In the past, polygamy didn't raise those problems because it allowed one man to have several wives, who were always placed in a legally subordinate position. That "solution," if you will, won't work in the modern world (and rightly so!). Basically, the case in question, from what I have read, might bring in the legality of polygamy through the back door, without a serious consideration of all these issues. I don't have the quoted commentor's rabid fear of further abandoning "Christian" marriage, which even in Christian thought (well, mainstream Christian thought of the more legally informed sort, heh) is a natural-law institution with a Christian gloss, but I do boggle at the thought of this whole can of worms being opened fortuitously through a distantly related legal matter--and you can imagine these issues being decided very badly in our current legal climate.
Snedcat,
Thanks for pointing out the incorrect link. I fixed it.
You are correct that multiple marriage will introduce lots of legal problems we don't currently have. (And the welfare state will add many more, although multiple marriage will get the blame.)
Making such marriages legal is that not something that can be taken lightly -- either in the process of making it fully legal or by those contemplating entering such unions in the early days, should that occur.
Of course, we can count on conservatives to make great hay of that -- and leftists to pretend everything is all sunshine and unicorns throughout whatever cultural ... debate ... (or would processing be a better word?) occurs.
Gus
Ooh, cool, my original comment didn't disappear into the ether like the message seemed to indicate! I like it better than my watered-down-because-irritated-at-Blogger-and-pressed-for-time second attempt.
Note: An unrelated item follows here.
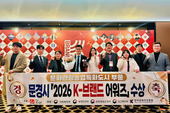 |  | | | ⓒ 문경시민신문 | | 문경시는 '2026 K-브랜드 어워즈'에서‘대한민국을 선도하는 명품도시’로서 공로를 인정받아 '문화관광농업특화도시' 부문 수상 지자체에 최종 선정되었다. K-브랜드 어워즈는 TV조선이 주최하고 재정경제부, 행정안전부, 문화체육관광부 등 정부 기관이 후원하는 시상식으로, 창의적이고 선진적인 부문별 브랜드의 산업·문화경쟁력을 평가해 최종 수상 대상을 결정한다.

I'll add that it's common for people to talk about marriage as contractual because it does share the important characteristic of being a voluntary undertaking requiring full consent. It's useful shorthand that captures an important aspect of marriage. However, it's wrong to consider marriage just a contract and then argue--as certain libertarian types and the stupider sort of pseudo-Objectivists do (though once they get off their duff and finally publish that groundbreaking work of philosophy that will reform all the problems of Objectivism they've been so astute as to identify they'll cut the cord, but until then they'll ride on her coattails like second-handers)--that the state has no business regulating it then, since verbal contracts are binding. The state has a reason for registering marriages, and for the same reason it registers births and deaths, the establishment of corporations, partnerships, and other legal entities, and similar acts that fundamentally affect the parties' legal status (and basic details of contracts for that matter) in some realm of life.
Or to put it in Southern terms, sure, you can just jump the broom, but brooms don't leave a documentary record in case of legal disputes. Heh.